- _Directions for this task_:
Please retype the data in full and exactly; the pictures are not part of the copy.
=== Section Start ===
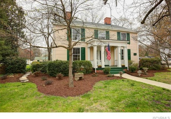 Landmark Greek Revival historic home for sale near Richmond house sits on a double corner lot in picturesque Ashland overlooking the railroad tracks landscaped with a fish pond and mature gardens. Stonewall Jackson stayed at the house in 1862. 8 fireplaces, 1 car garage & garden house. Heart pine floors. Perfect for gardeners or history buffs.
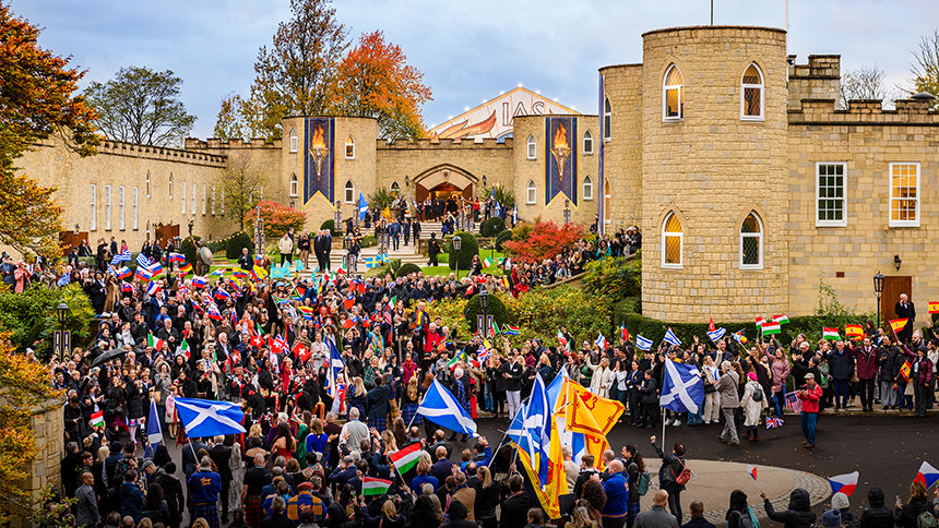 Leden van de International Association of Scientologists (IAS) komen samen in East Grinstead, Zuid-Engeland, om 12 maanden van onwankelbare eenheid, standvastige toewijding en het verheffen van de menselijke geest te vieren.
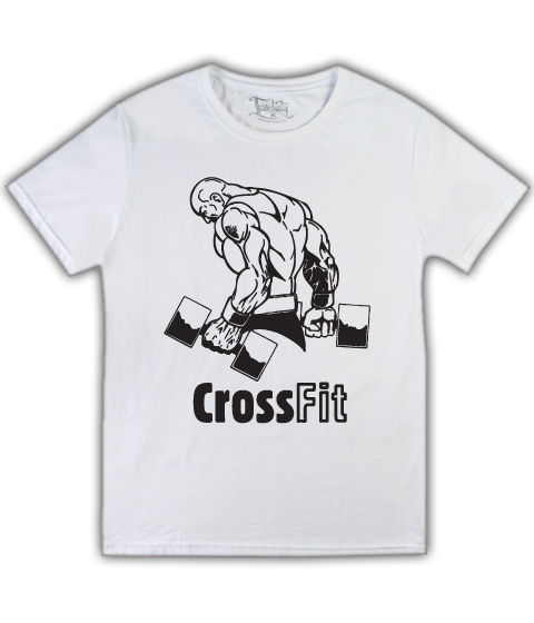 Футболка CrossFit с гантелями на белой
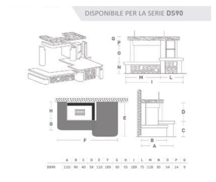 DS90 TGH Kg 68 di GHISA Caminetto reversibile con laterale aperto. Può essere installato con l'apertura sia a destra che a sinistra. Il piano fuoco ed il parafiamma sono interamente in ghisa da mm. 10 di spessore. CANNA FUMARIA Altezza ...
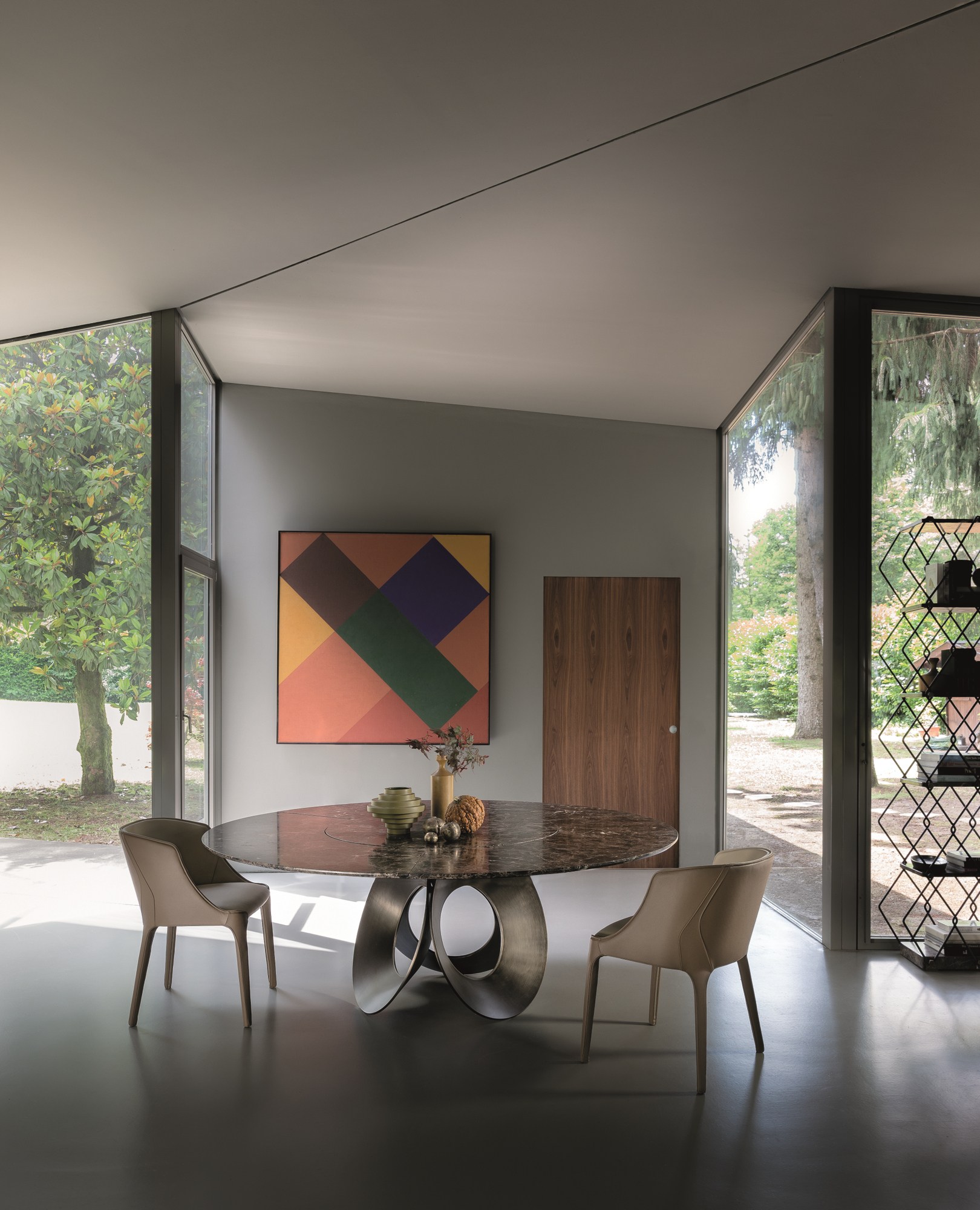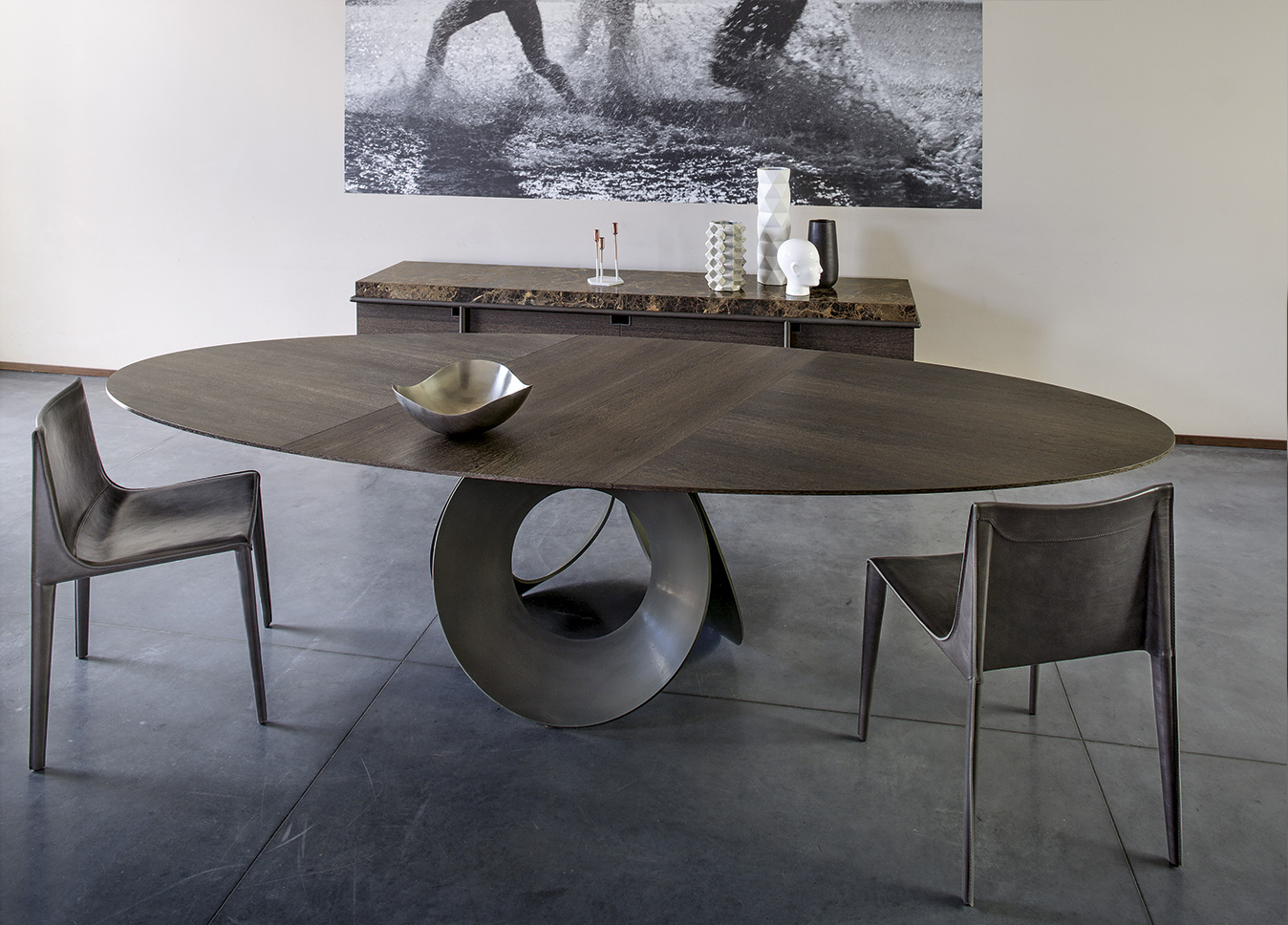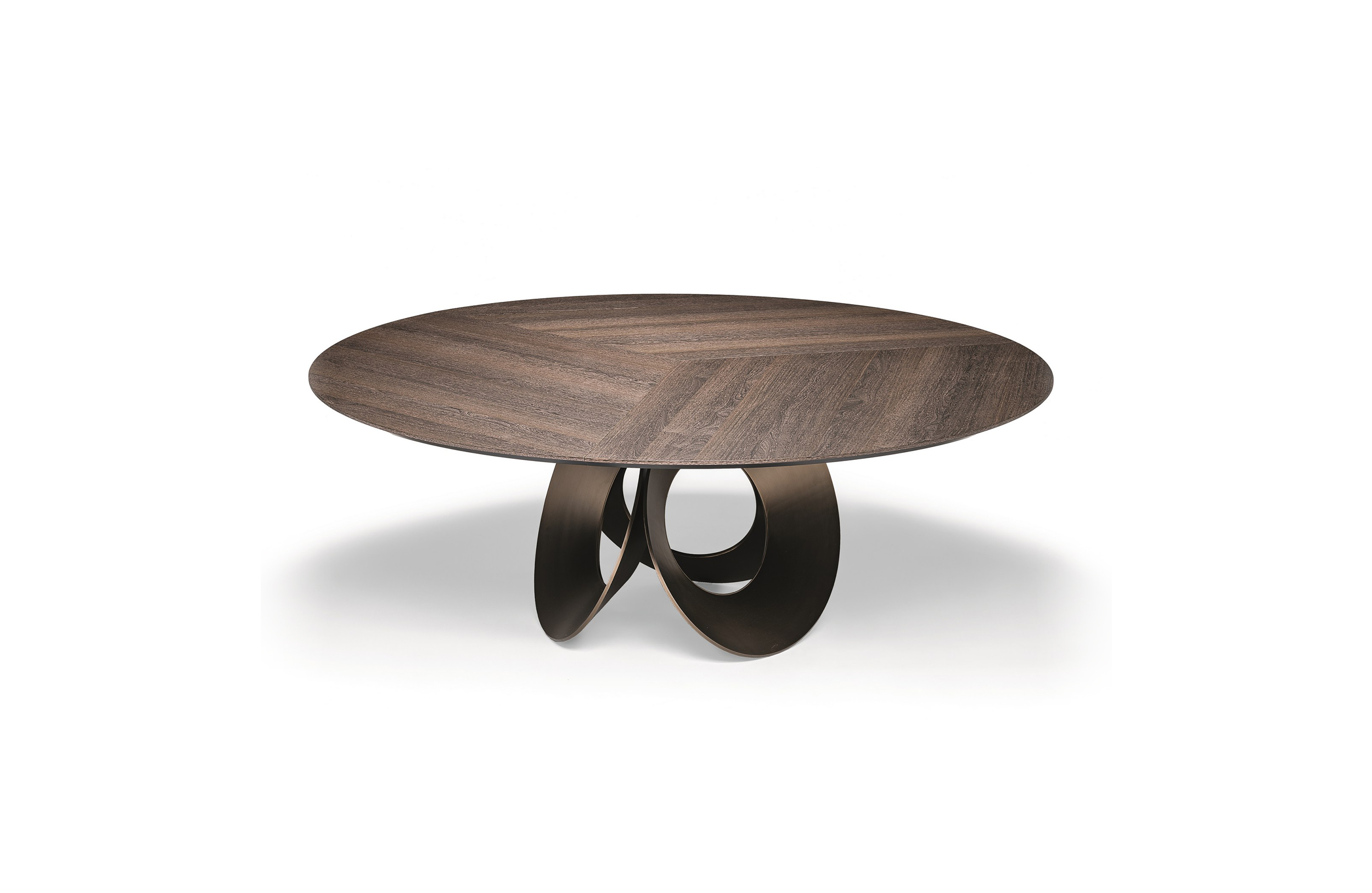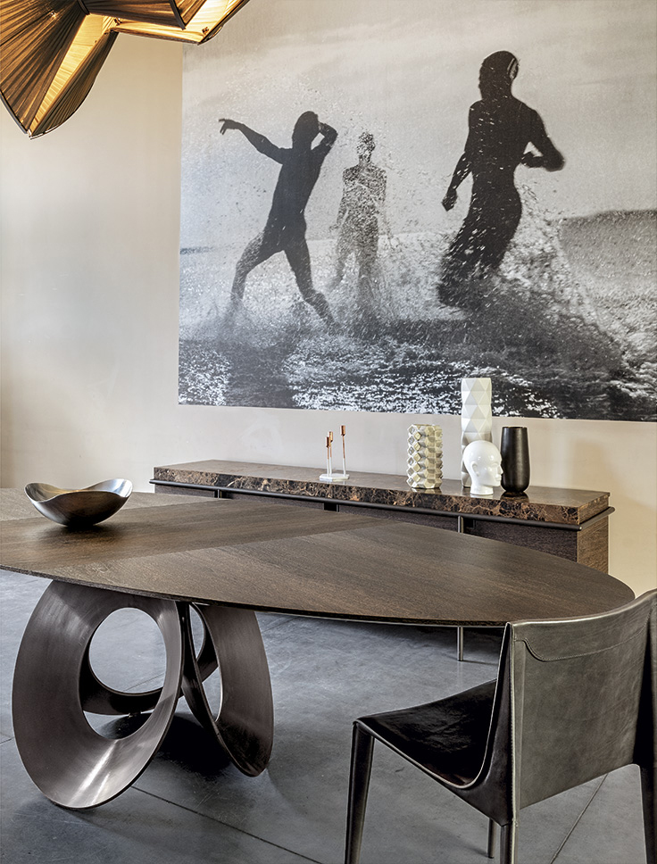 由吉诺·卡罗罗(Gino Carollo)设计的Oracle餐桌是圆形的几何形状,是完美的象征。家具的形状表现出整体性和中心性。圆形或椭圆形的桌面是由MDF镶嵌在莫卡橡木或柚檀木上。直径为200CM的桌面也可以使用啡网纹大理石桌面。它独特的底座就像生命之花的构造:三个重叠的圆圈,似乎围绕着一个点旋转。该金属的底座可用云母棕色、黄铜、钛或新草灰色抛光。
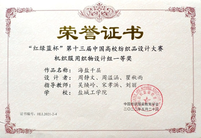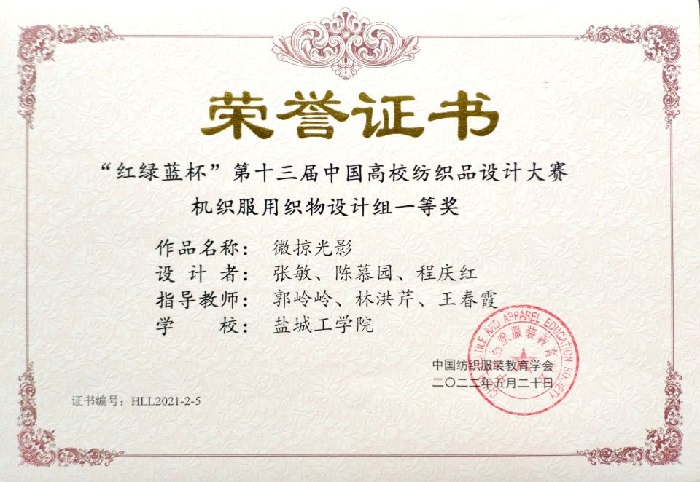 近日,中国纺织服装教育学会公布“红绿蓝杯”第十三届中国高校纺织品设计大赛获奖结果,公司员工团队获一等奖2项,二等奖8项,三等奖22项。其中,由郭岭岭、林洪芹、王春霞老师指导的《微掠光影》作品和吴焕岭、宋孝浜、刘丽老师指导的《海盐千层》作品均获机织服用织物设计组一等奖。
=== Section End ===
- _Answer box_:
 Landmark Greek Revival historic home for sale near Richmond house sits on a double corner lot in picturesque Ashland overlooking the railroad tracks landscaped with a fish pond and mature gardens. Stonewall Jackson stayed at the house in 1862. 8 fireplaces, 1 car garage & garden house. Heart pine floors. Perfect for gardeners or history buffs.
 Leden van de International Association of Scientologists (IAS) komen samen in East Grinstead, Zuid-Engeland, om 12 maanden van onwankelbare eenheid, standvastige toewijding en het verheffen van de menselijke geest te vieren.
 Футболка CrossFit с гантелями на белой
 DS90 TGH Kg 68 di GHISA Caminetto reversibile con laterale aperto. Può essere installato con l'apertura sia a destra che a sinistra. Il piano fuoco ed il parafiamma sono interamente in ghisa da mm. 10 di spessore. CANNA FUMARIA Altezza ...
 由吉诺·卡罗罗(Gino Carollo)设计的Oracle餐桌是圆形的几何形状,是完美的象征。家具的形状表现出整体性和中心性。圆形或椭圆形的桌面是由MDF镶嵌在莫卡橡木或柚檀木上。直径为200CM的桌面也可以使用啡网纹大理石桌面。它独特的底座就像生命之花的构造:三个重叠的圆圈,似乎围绕着一个点旋转。该金属的底座可用云母棕色、黄铜、钛或新草灰色抛光。
 近日,中国纺织服装教育学会公布“红绿蓝杯”第十三届中国高校纺织品设计大赛获奖结果,公司员工团队获一等奖2项,二等奖8项,三等奖22项。其中,由郭岭岭、林洪芹、王春霞老师指导的《微掠光影》作品和吴焕岭、宋孝浜、刘丽老师指导的《海盐千层》作品均获机织服用织物设计组一等奖。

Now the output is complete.